The Faculty of Music's graduate program in Sound Recording is getting set to enter a new era with the construction of the new music building, being built over the next year and incorporating some of the most sophisticated recording facilities in the world. Students of the program won't have to wait, however, to be taught by one of the top producers in the world since Martha de Francisco has joined the Music faculty. A veteran recording engineer, De Francisco was one of the pioneers of digital recording in Europe during the 1980s and has helped classical stars like Jessye Norman, Sir Neville Mariner, Alfred Brendel and the members of the Beaux Arts Trio sound great for years. Before coming to McGill, she was working as an independent producer for labels that include Deutsche Grammophon, Decca, EMI and Philips Classics, and is regarded as one of the leading classical music producers of her generation.
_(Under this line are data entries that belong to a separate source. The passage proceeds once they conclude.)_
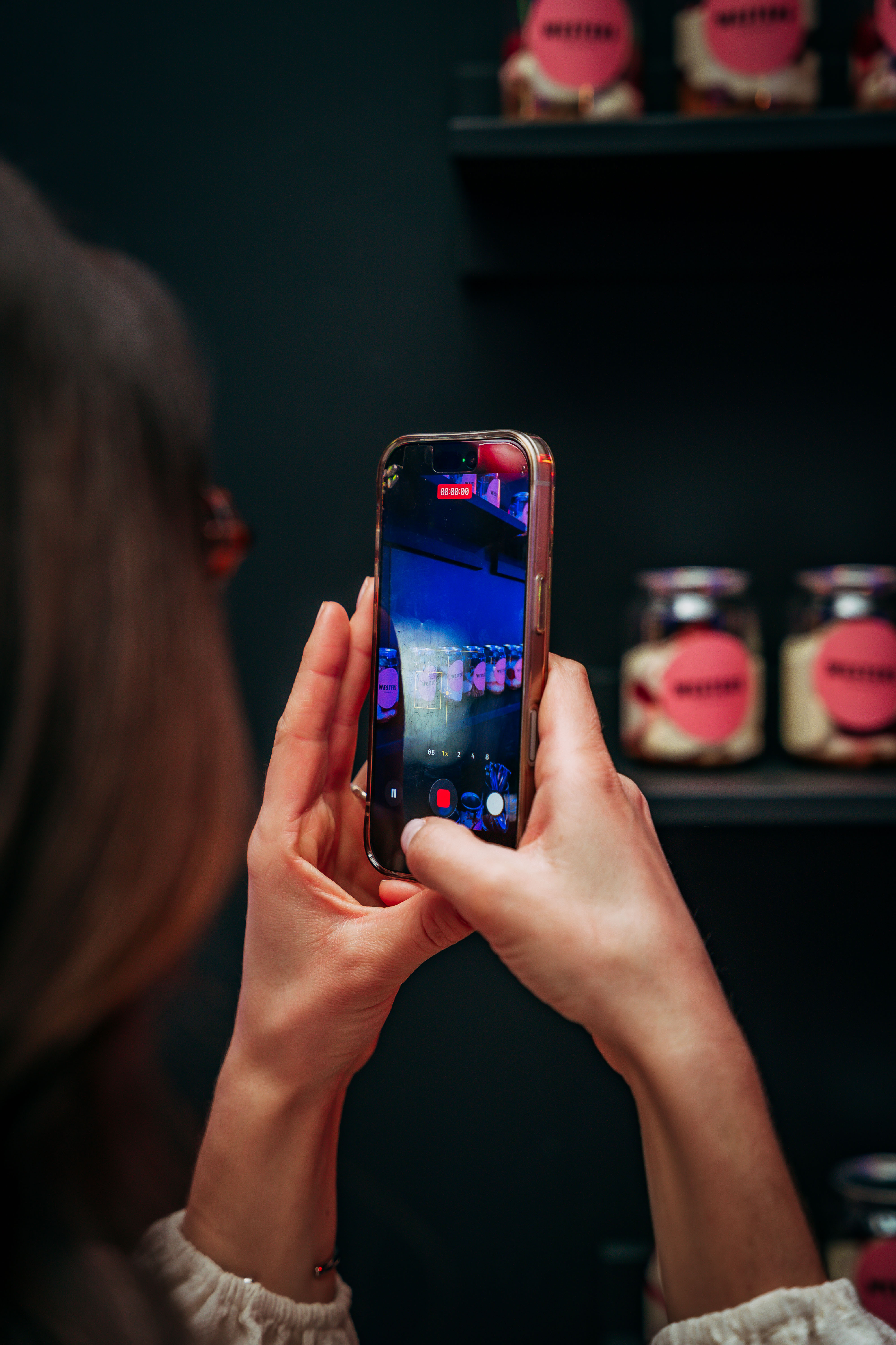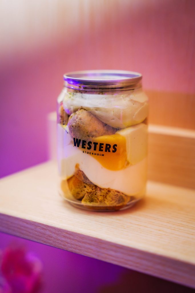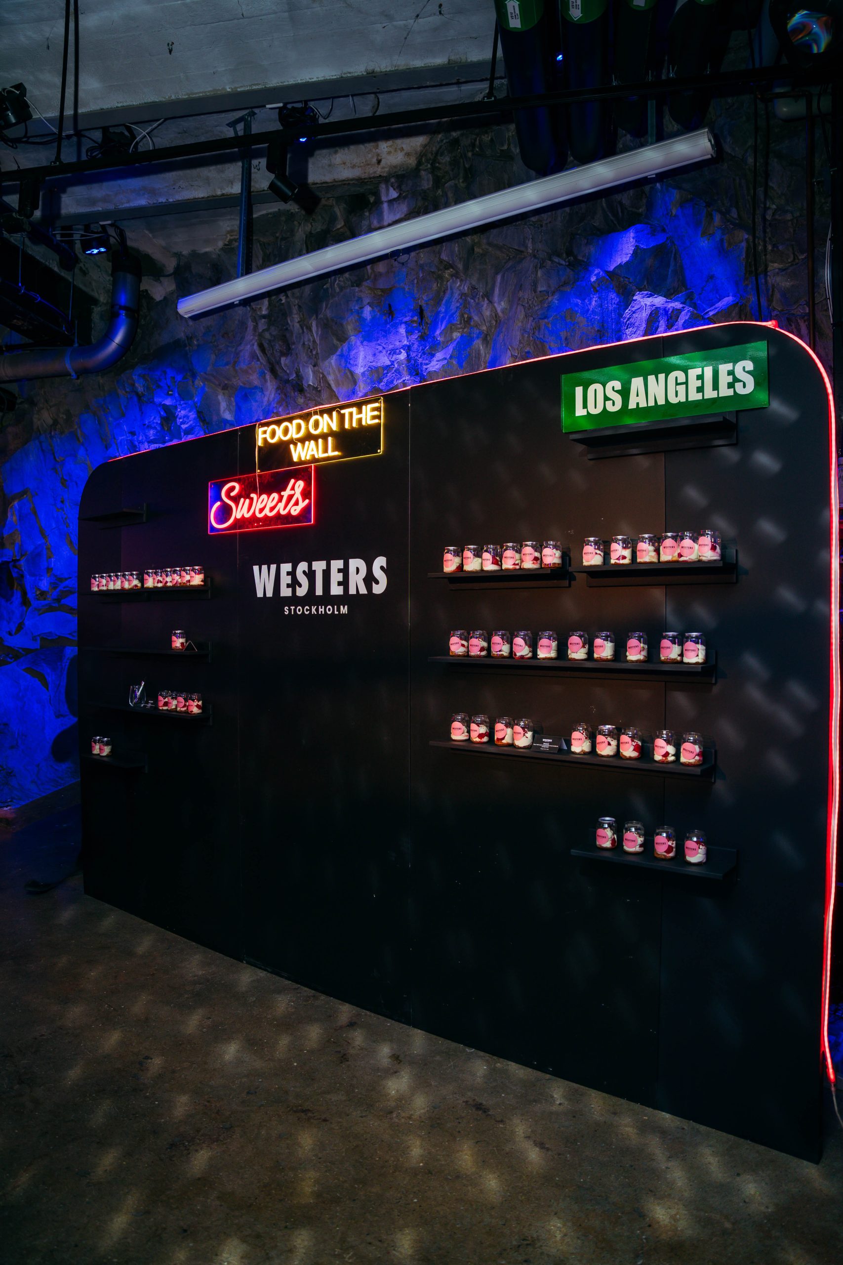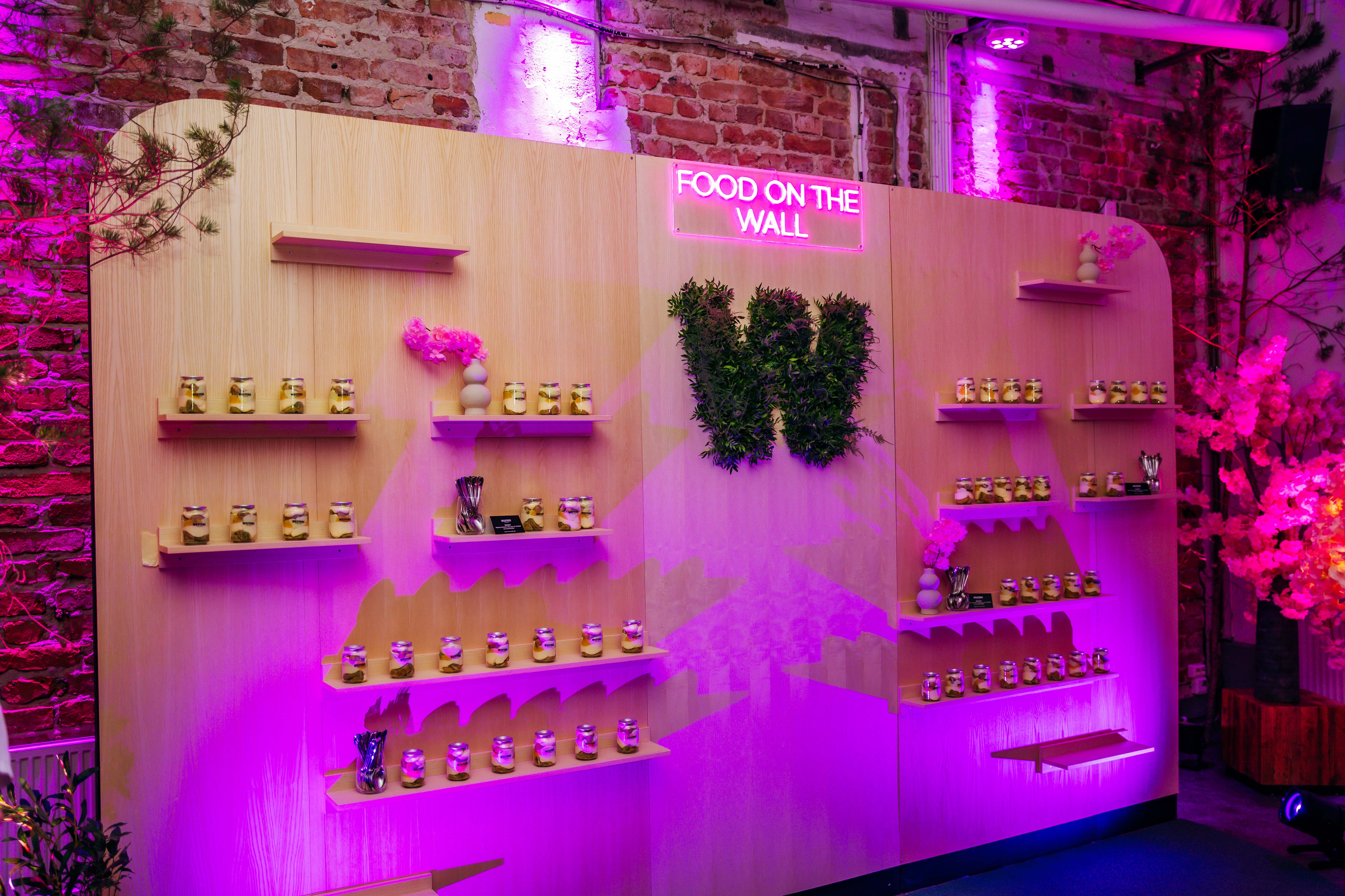 On a giant wall, desserts were served in soda cans โ one of the eventโs gastronomic novelties โ featuring NYC cheesecake with strawberries.
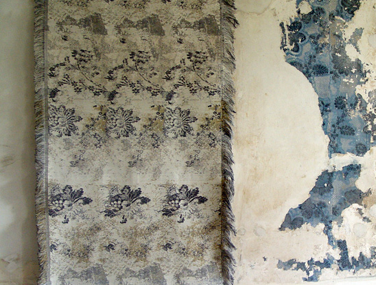 Site specific textile wallhanging inspired by an 18C wallpaper from Godolphin House, Cornwall.
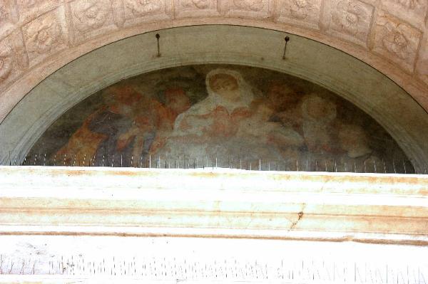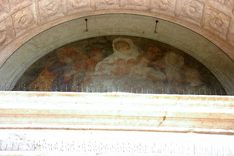 - NOTIZIE STORICO CRITICHE L'affresco è tradizionalmente attribuito ad Andrea Previtali, che l'avrebbe eseguito nel 1514: il riferimento è confermato anche dalla letteratura recente (I. Chiappini in "I pittori bergamaschi...Il Cinquecento", vol. I, p. 131, n. 20; Zanchi, 2001, p. 43), ma le condizioni attuali dell'opera, gravemente compromessa, non consentono, a mio avviso, un giudizio sicuro. \nL'affresco subì un primo restauro nel 1952: forse in questa occasione Arturo Cividini, incaricato dei lavori (cfr. documento in data 19/ 12/ 1952, prot. n. 1818, n. reg. 256, Archivio Congregazione Misericordia Maggiore, Bergamo), eseguì le operazioni di strappo, trasporto su tela e montaggio su telaio.\nNel 1990 un grave incidente danneggiò ulteriormente l'opera: nella notte del 7 marzo crollarono a terra d'improvviso il dipinto e il cristallo che era stato posto a sua protezione. Qualche anno più tardi, nel 1997,si decise quindi di procedere ad un complesso intervento di restauro che ha comportato il consolidamento del colore mediante foderatura della tela, la sostituzione del vecchio telaio, la pulitura della superficie pittorica e l'asportazione dele vecchie ridipinture e stuccature eseguite nel corso dei restauri precedenti (cfr. "Relazione finale", datata 16/ 4/ 1997, prot. 1752, cat. 5, clas. 6, fasc. 17, Archivio Congregazione della Misericordia Maggiore, Bergamo). Lo strato di fissativo, steso a conclusione del lavoro, fu poi rimosso nel 2000: si era infatti verifcato un preoccupante sollevamento della pellicola pittorica, che ha consigliato di eliminare totalmente il prodotto usato, e di non sostituirlo con altri (cfr "Relazione" in data 20/ 11/ 2000, prot. 558, cat. 5, clas. 6, fasc. 3, Arihivio Congregazione della Misericordia Maggiore, Bergamo).
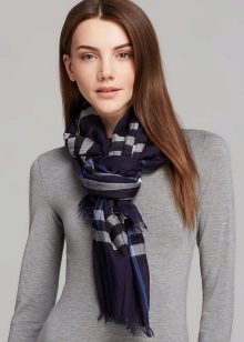 Often a scarf can be double-sided. On the front side there is a cell in all possible combinations, and on the back one, most often, a contrasting color. For example, you can find models with a green and white stripe and a blue inside.

And while one might think of record production and sound engineering as a field dominated by long-haired men and rock-and-rollers manqué, many of the audio engineers coming out McGill's program are women, and they are racking up impressive awards and appointments.

Theresa Leonard, MMus'92, for example, was recently named president of the prestigious New York-based Audio Engineering Society (AES), the only international, professional society devoted exclusively to audio technology, and is the Director of Audio for Music and Sound at the Banff Centre in Alberta. Marie Desmarteau, a second-year graduate student in the Sound Recording program, was also elected Chair of the Student Delegate Assembly of AES.

More sound success came from April Cech, also a second-year graduate student, who won the AES Student Recording Competition in the surround sound "Pop" category. Cech also won a OTEC scholarship from Mix, the top trade magazine for sound professionals. The award was announced in October at the TEC Awards ceremony in New York, along with prizes for sound production in television, film, and live and recorded music that went to success stories like Peter Gabriel, Sheryl Crow, PBS's Austin City Limits, and the second Lord of the Rings instalment, The Two Towers.

A Talent for Translation


Caption follows
Jane Brierley.
Tim Brierley

Jane Brierley, MA'82, recently cemented her reputation as one of Canada's finest literary translators by nabbing her second Governor General's Literary Award for English translation for Memoirs of a Less Traveled Road: A Historian's Life, the translation of historian Marcel Trudel's Mémoire d'un autre siècle.

Brierley moved to France in the early '60s for a three-year stay with her husband, John, a McGill law professor then completing his doctorate at the University of Paris. Armed with her "Westmount High School French," Brierley soon discovered that Parisians weren't at all hesitant about tutoring her.

"They all corrected my French over there. Here, people are almost too polite, but in France they don't let you get away with making a mistake." Brierley found work at a Paris ad agency and immersed herself in the country's culture and literature. It was then that she first mused about becoming a literary translator. "I was reading a great deal of French literature and the thought struck me, 'Wouldn't it be great if people could read this in English.' This is the impulse that drives [translators]. We come across something exciting and we want to perform it for English readers the way a musician is drawn to certain compositions and wants to perform them for an audience."

Returning to Canada, she decided to hone her skills by doing a master's degree at McGill that focused on translating 19th-century Quebec novelist Philippe-Joseph Aubert de Gaspé's memoirs into English.

Brierley, who has won the prestigious Governor General's Award before - in 1990 for her translation of Aubert de Gaspé's Yellow-Wolf & Other Tales of the Saint Lawrence - isn't the only McGill graduate to win in recent years. Patricia Claxton, BA'51, a finalist this year for Gil Courtemanche's A Sunday at the Pool in Kigali, has won the prize twice, and Nigel Spencer, BA'66, earned the award last year for his translation of Marie-Claire Blais's novel, Thunder and Light.